1. Using readily available text collections. The kernel of the Bulgarian National Corpus was first compiled on the basis of the Bulgarian Lexicographic Archive and the Text Archive of Written Bulgarian, which together account for 55.95% of the corpus. Later, two domain-specific corpora from the OPUS collection were included, namely the EMEA corpus (medical administrative texts) and the OpenSubtitles corpus (film subtitles) representing respectively 1.27% and 8.61% of the kernel of the BulNC. A large amount of news data in the Bulgarian Lexicographic Archive and the Text Archive of Written Bulgarian were provided by the publishers of various Bulgarian newspapers.
The corpora were either obtained in plain text format or converted to it.
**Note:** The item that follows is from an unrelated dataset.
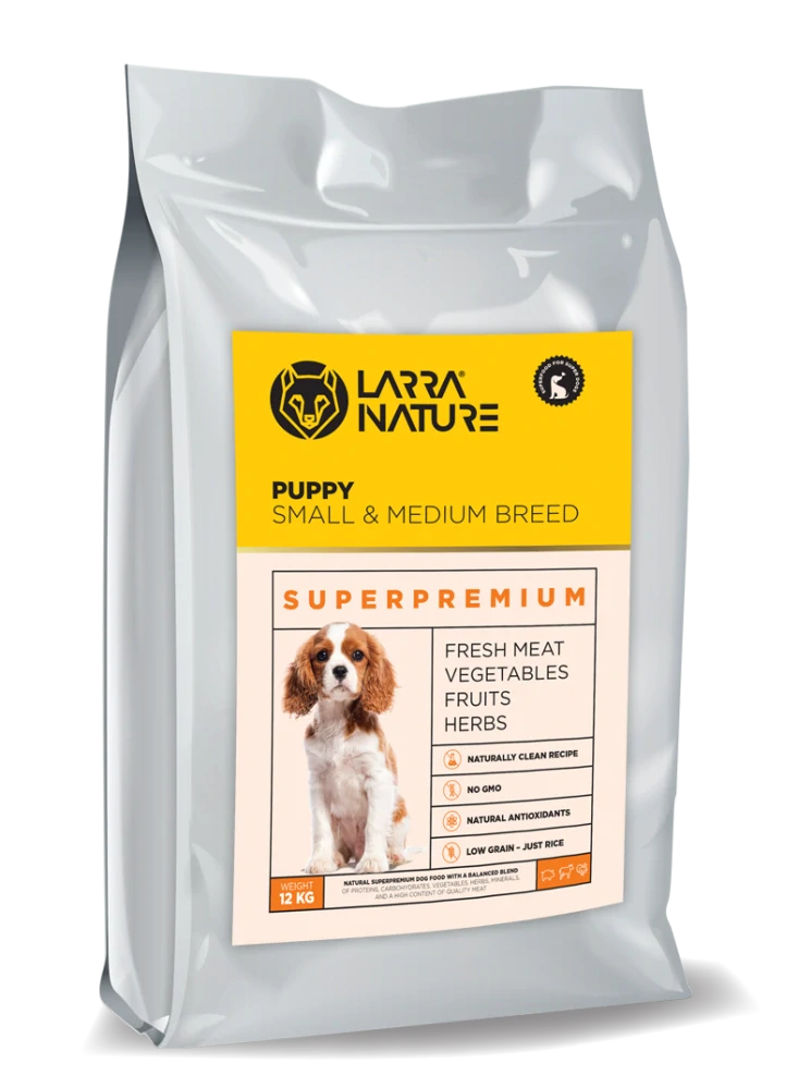 Larra Nature Puppy – Small Breed: je prírodné prémiové krmivo pre šteňatá všetkých malých a stredných plemien s vyváženým pomerom bielkovín, sacharidov, s obsahom zeleniny, bylín , minerálnych látok a veľkou porciou mäsa. Tanín, Ostropestrec mariánsky, Kolagén a Huminové látky podporujú dobrú funkciu tráviaceho traktu, imunitného a pohybového systému a detoxikujú organizmus. Krmivo neobsahuje žiadne chemické ochucovadlá ani konzervanty. Granula má priemer 6mm.

Metadata were extracted automatically wherever possible, documented and verified manually in some cases. Full annotation was performed from scratch, even for already annotated texts (OPUS texts are tokenised and sentence-aligned) to ensure conformity with the adopted principles and annotation standards.
2. Manual compilation by browsing the Internet. While being the primary approach in the past, manual collection has now been applied in a limited number of cases for small numbers of large documents whenever the development of a focused crawler has been deemed inefficient. Most of the previously developed corpora within the kernel of the BulNC were compiled manually, such as the Bulgarian “Brown” corpus. Recently, manual compilation was also used for collecting parallel fiction texts in multiple languages, accounting for 3.70% of the kernel corpus.
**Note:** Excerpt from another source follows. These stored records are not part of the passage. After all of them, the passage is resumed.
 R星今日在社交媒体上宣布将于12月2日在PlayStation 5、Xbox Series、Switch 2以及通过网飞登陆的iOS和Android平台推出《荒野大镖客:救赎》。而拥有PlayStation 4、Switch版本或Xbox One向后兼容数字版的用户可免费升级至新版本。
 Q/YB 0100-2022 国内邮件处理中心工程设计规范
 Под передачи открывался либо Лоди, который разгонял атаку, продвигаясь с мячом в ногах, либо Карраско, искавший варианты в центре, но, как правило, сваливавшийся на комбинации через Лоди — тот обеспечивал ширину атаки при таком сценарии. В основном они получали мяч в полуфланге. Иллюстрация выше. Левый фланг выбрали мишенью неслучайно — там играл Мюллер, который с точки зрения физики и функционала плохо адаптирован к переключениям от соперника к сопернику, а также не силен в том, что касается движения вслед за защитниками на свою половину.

3. Automatic compilation by web crawling is in general preferred. Some well-known and widely used approaches for automatic collection of corpora are adopted, tailored further to our specific needs and optimised with respect to the efficiency and precision of the output. Currently, automatically obtained subcorpora within the BulNC include a large amount of administrative texts, news from monolingual and multilingual sources, scientific texts and popular science (e.g., Wikipedia articles), altogether amounting to 30.47% of the Bulgarian kernel of BulNC.
Manual and automatic web mining prior to the crawling process ensures crawling efficiency, as well as high-quality results when it comes to the validity of collected documents and the correspondence between parallel texts. As parallel resources involving Bulgarian are limited on the web, crawling was supported by direct targeting, automatic or manual, of the appropriate resources. The structure of source webpages is also considered when crawling, by applying either links traversal algorithms or URL templates as appropriate for each source.
Several crawling algorithms were examined and the main technique chosen to be applied in the general crawler was the Breadth-First algorithm. First, a generalised crawler with the main functionalities was developed. The crawler starts at the initial webpage of the respective collection of documents and either harvests the links recursively until the relevant pages containing the documents are reached, or uses URL templates to access the pages directly. In most cases, the websites containing parallel texts are very large and a general (non-focused) crawler needs to process a very large amount of links and documents in order to select the relevant ones. The general crawler is therefore transformed into a focused crawler by adapting it to the structure of the source site as derived by automatic or manual web mining.
The focused crawler either implements the link harvesting technique directly, or uses a particular set of URL templates specific for a given website. Next, the focused crawler ensures the relevance of the extracted documents by selecting only those texts that have Bulgarian equivalents. Some corpora are static and require a single run of the crawler, while others are dynamic (e.g., news websites) and need weekly or monthly crawls.
Procedures to verify the validity of the documents collected through automatic crawling are implemented: deletion of empty files obtained from either invalid or missing URLs, text size checks, and verification of encoding. Furthermore, genuine correspondence of parallel documents is checked by comparing URLs, file sizes, dates, etc. To conclude, focused crawling with preceding web structure mining (which considerably reduces the number of visited links) ensures high quality of the results and improves efficiency.